Data section:
▶
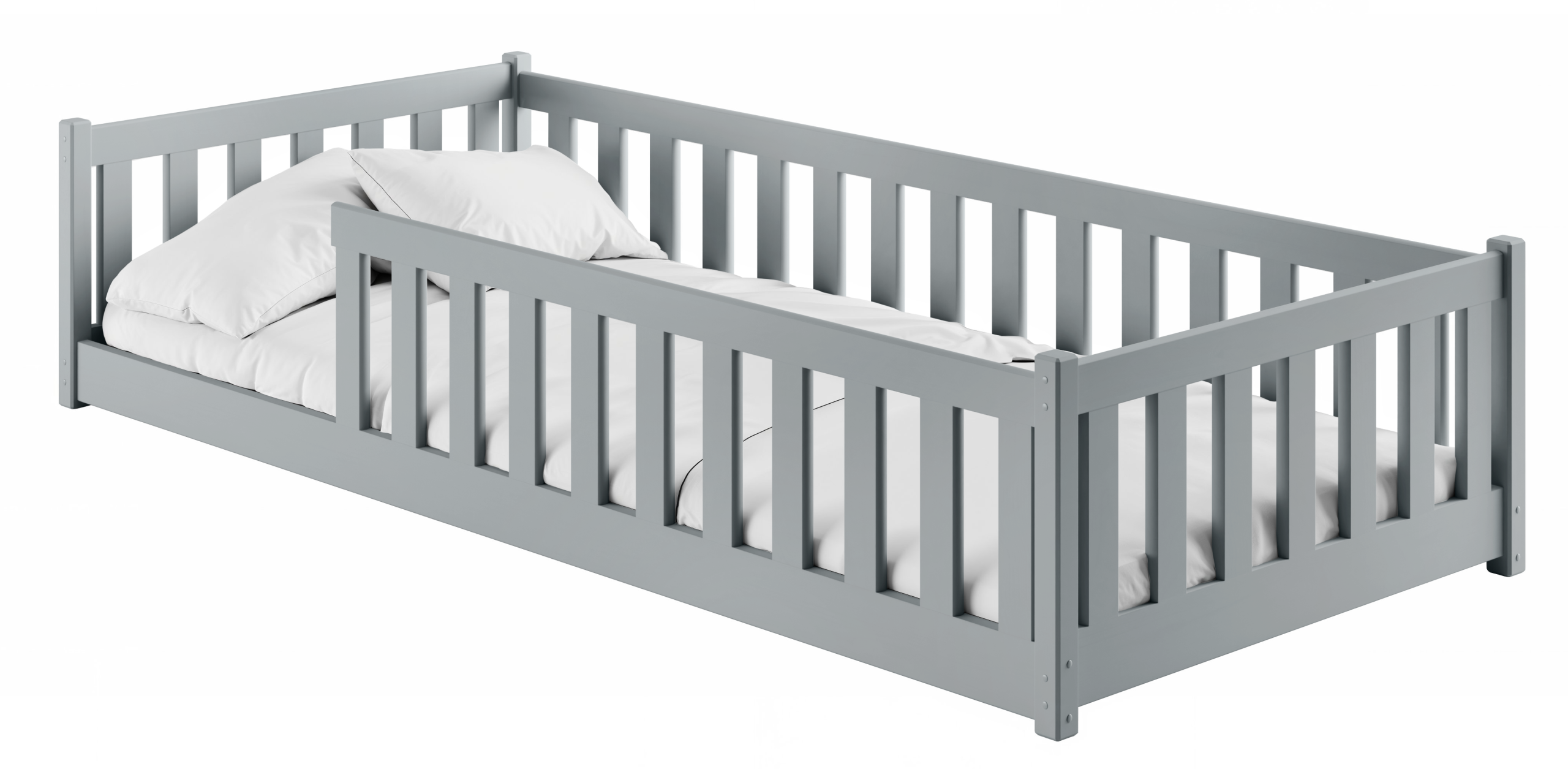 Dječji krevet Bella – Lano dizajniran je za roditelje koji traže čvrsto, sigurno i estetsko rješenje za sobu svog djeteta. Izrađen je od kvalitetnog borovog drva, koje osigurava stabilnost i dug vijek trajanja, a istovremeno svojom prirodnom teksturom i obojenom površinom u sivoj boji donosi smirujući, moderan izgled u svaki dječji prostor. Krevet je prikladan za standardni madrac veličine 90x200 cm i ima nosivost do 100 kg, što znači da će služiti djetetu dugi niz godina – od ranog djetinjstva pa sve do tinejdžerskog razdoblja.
◀
▶
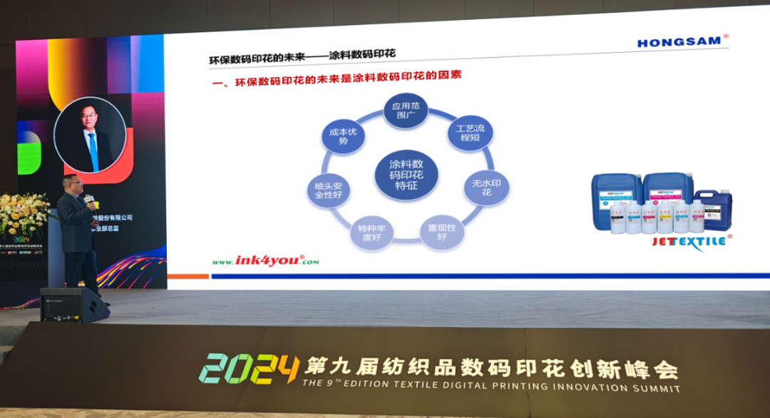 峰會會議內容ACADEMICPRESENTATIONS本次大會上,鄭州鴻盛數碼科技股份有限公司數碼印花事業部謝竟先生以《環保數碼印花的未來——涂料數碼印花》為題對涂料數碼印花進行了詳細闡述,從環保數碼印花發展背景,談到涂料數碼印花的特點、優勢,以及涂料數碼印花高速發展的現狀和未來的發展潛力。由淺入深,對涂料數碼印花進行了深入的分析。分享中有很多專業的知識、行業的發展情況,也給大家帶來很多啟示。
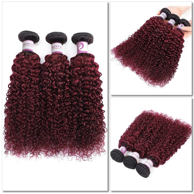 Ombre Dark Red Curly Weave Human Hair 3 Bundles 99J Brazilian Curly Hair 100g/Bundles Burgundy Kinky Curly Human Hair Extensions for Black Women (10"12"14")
◀
▶
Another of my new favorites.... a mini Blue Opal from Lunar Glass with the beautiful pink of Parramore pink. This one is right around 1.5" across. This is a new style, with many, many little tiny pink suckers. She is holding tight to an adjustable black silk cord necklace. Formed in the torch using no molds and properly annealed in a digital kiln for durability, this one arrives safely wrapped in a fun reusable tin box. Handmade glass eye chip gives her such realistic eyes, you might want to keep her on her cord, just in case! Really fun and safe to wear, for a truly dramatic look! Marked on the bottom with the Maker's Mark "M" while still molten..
◀
About this task:
Leaving all pictures out, output exactly the lines of the material above from the line with "峰會會議內容ACADEMIC" to the line with "Ombre Dark Red", both included.

Exercise answer:
 峰會會議內容ACADEMICPRESENTATIONS本次大會上,鄭州鴻盛數碼科技股份有限公司數碼印花事業部謝竟先生以《環保數碼印花的未來——涂料數碼印花》為題對涂料數碼印花進行了詳細闡述,從環保數碼印花發展背景,談到涂料數碼印花的特點、優勢,以及涂料數碼印花高速發展的現狀和未來的發展潛力。由淺入深,對涂料數碼印花進行了深入的分析。分享中有很多專業的知識、行業的發展情況,也給大家帶來很多啟示。
 Ombre Dark Red Curly Weave Human Hair 3 Bundles 99J Brazilian Curly Hair 100g/Bundles Burgundy Kinky Curly Human Hair Extensions for Black Women (10"12"14")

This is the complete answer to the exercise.